This case concerned a property that was destroyed by fire. Insurers declined cover under a property owner’s policy on the grounds that they had validly avoided it for misrepresentation and non-disclosure and, alternatively, because the insured had breached warranties relating to the state of the property when unoccupied.

The judge, Mr. Richard Salter QC, held that insurers had been induced to accept the risk by the insured’s misrepresentations that the property (i) was in a “good” state of repair; (ii) had no flat roof; and (iii) had not been subject to malicious acts or vandalism; and because Dalecroft had failed to disclose that an Environmental Protection Order had been made in relation to the Property. He also held that underwriters would not have been liable anyway because the insured had, among other things, failed properly to secure unoccupied parts of the property, in breach of warranty.

Whilst this case is in many ways a typical avoidance/breach of warranty case, it is unusual in some interesting respects:

Dalecroft argued that the misrepresentations and non-disclosure complained of related to the residential parts of the property and that insurers could not therefore validly avoid cover for the commercial parts. However, the judge rejected this argument because Dalecroft’s answers regarding the state of the property pertained to both residential and commercial parts and, as such, the risks covered by the policy were not clearly separable. Moreover, the policy was a single insurance for which a single overall premium was paid.

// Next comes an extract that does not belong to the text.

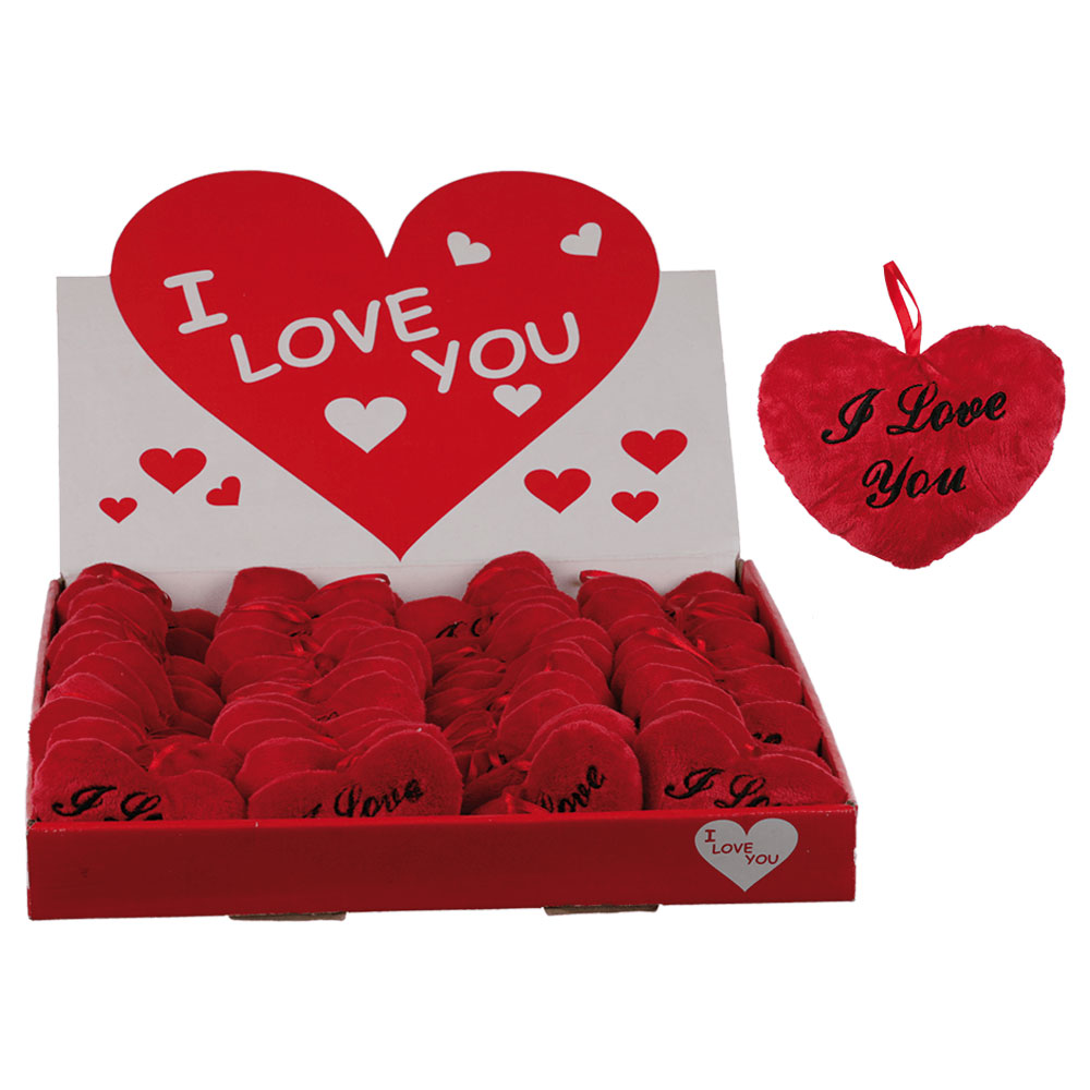 Hjärta I Love You Plysch Röd innehåller ett litet rött hjärta med svart "I Love You" text på samt en liten röd ögla upptill. Tillverkad av 100% polyester.
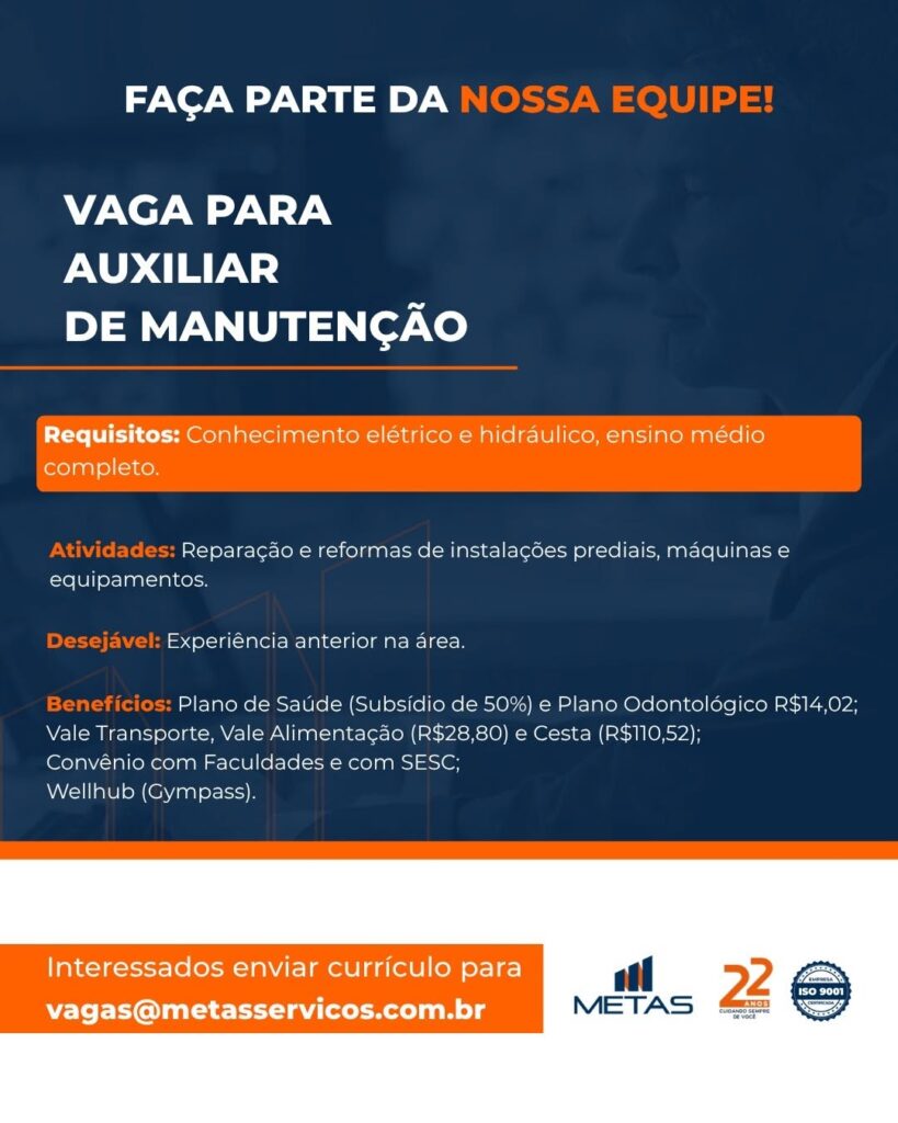 As vagas são divulgadas da mesma forma que recebemos. Não nos responsabilizamos pelas vagas, nem pelas informações fornecidas referente as mesmas, também não nos responsabilizamos pela idoneidade das empresas e instituições, apenas divulgamos as vagas que recebemos. Alertamos à buscar informações sobre as empresas que estão disponibilizando as vagas, através de contato por telefone ou e-mail divulgados nas mesmas, além de pesquisar na internet ou outros meios. Tome muito cuidado com locais (empresas ou instituições) que cobram taxas para garantir vagas ou para garantir uma colocação no mercado de trabalho. Esteja atento (a) a localização (endereço) da entrevista e do local de trabalho, se não conhecer ou achar que é um lugar isolado, vá com uma companhia ou não vá. Ter um emprego para garantir seu sustento e de sua família é importante, mas sua segurança e integridade também é, por isso, esteja atento. Se você é menor de idade vá acompanhado (a) de um (a) responsável.

Dalecroft also contended that the relevant period in respect of which the truth of the alleged misrepresentations and non-disclosure fell to be decided was when the insurer issued a certificate by which the identity of the insured under the policy was changed. However, the judge found that the effect of the issuance of further certificates was to amend the policy rather than to replace it with new policies, notwithstanding that they had new policy numbers. What was cancelled and replaced was the documentation embodying the contract of insurance, not the contract of insurance itself.

Although the judge applied the law as it stood before the 2015 Insurance Act, the relevant events having occurred before 12 August 2016, he commented that although the pre-2015 Act law may sometimes operate harshly to the detriment of the insured, he was satisfied that it does no injustice to Dalecroft in this case because Dalecroft made no real effort to make a fair presentation of the risk or to comply with the Commercial Unoccupancy conditions of the insurance.

It is also instructive to note that the judge, faced with contradictory evidence from factual witnesses, was able to rely more readily on the evidence of those who had maintained contemporaneous notes than of those who did not.